*** Opening EXERCISE INPUT ***

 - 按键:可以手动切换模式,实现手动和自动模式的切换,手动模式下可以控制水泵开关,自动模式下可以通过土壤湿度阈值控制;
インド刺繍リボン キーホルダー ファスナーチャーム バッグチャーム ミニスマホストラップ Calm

*** Closing EXERCISE INPUT ***
*** Opening EXERCISE INPUT ***

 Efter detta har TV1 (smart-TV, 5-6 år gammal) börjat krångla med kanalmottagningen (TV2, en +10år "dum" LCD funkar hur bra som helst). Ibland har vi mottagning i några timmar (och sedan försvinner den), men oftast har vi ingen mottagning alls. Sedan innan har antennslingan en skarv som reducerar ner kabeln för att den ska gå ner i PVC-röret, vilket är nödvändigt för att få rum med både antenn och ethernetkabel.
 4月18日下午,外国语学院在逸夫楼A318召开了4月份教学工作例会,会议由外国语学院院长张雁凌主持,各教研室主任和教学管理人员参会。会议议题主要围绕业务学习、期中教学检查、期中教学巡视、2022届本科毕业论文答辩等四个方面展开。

*** Closing EXERCISE INPUT ***

* WORK ITEM
Output the lines above between the one holding "- 按键:可以手动切换模式,实现手动和自" and the one holding "インド刺繍リボン キーホルダー ファスナーチャーム", inclusive, with nothing before or after them.

* EXERCISE ANSWER
 - 按键:可以手动切换模式,实现手动和自动模式的切换,手动模式下可以控制水泵开关,自动模式下可以通过土壤湿度阈值控制;
インド刺繍リボン キーホルダー ファスナーチャーム バッグチャーム ミニスマホストラップ Calm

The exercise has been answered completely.